Wednesday 7 August 2013

Recovery?

Recently, something that has been taking up a lot of space on my mind is the idea of recovery. What is recovery? If recovery begins once you initially seek help then I've been in recovery for 17 months; however it's only been the past 6 months that I've actually recovered at all.
Therapies and medication all take their time, and if you can't find the correct balance then it can take a very long time before you begin to notice improvements. I'm currently on my third medication and awaiting my 4th therapist. The idea of recovery to begin with is amazing, but in reality it's not that special. I've been waiting and waiting for things to go right for me and they never did. Right therapist, wrong medication. Right medication, no therapist. What I'm trying to say here is, recovery is something that should always be striven for among those of us who have suffered the misfortune of a mental disorder, however, don't let it put you off when it doesn't go your way. Countless times I thought "this is it, this is it, I'm getting better for good now", only to fall back into staying in bed for days, not eating and spending all my time crying. It happens, inevitably, but you have to force yourself through the tough days reminding yourself of all the reasons you have to get better. Something I did a little over a month ago, when I realised I found the medication that worked for me (Mirtazapine) was get a tattoo. I'd always wanted a bird on my wrist, a take on the 'butterfly technique' which aids peoples' efforts to cease self harming- the person would draw a butterfly on their wrist, and for as long as the butterfly remains you cannot harm yourself. When I told my mum she wasn't keen, and as I am very close with her I didn't want to get it knowing she would be unhappy about it and most likely hate it! I then decided on script, and that of Sylvia Plath. I thought it would be a good reminder that I do not want to kill myself, and the words I chose, if interpreted in a certain way, are very inspiring. I got my tattoo to remind myself that I am never, ever going to allow myself to be as ill as I was a year ago.
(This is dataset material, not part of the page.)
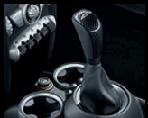
Schaltknäuf und -balg in Leder/Carbon

Now, I'm not suggesting everybody get a tattoo, however if there is anything you could do to remind yourself you're worth more than depression and you do deserve to get better and regain your life, then I urge you, do it!
Recovery can be a scary thought. It can seem like nothing is ever working and the whole world is against you getting better, but I promise if you continue to battle through it and stay strong, it is indeed reachable. If I can do it, at university away from my parents, my doctor, my therapist and the safety net of school, then anybody can.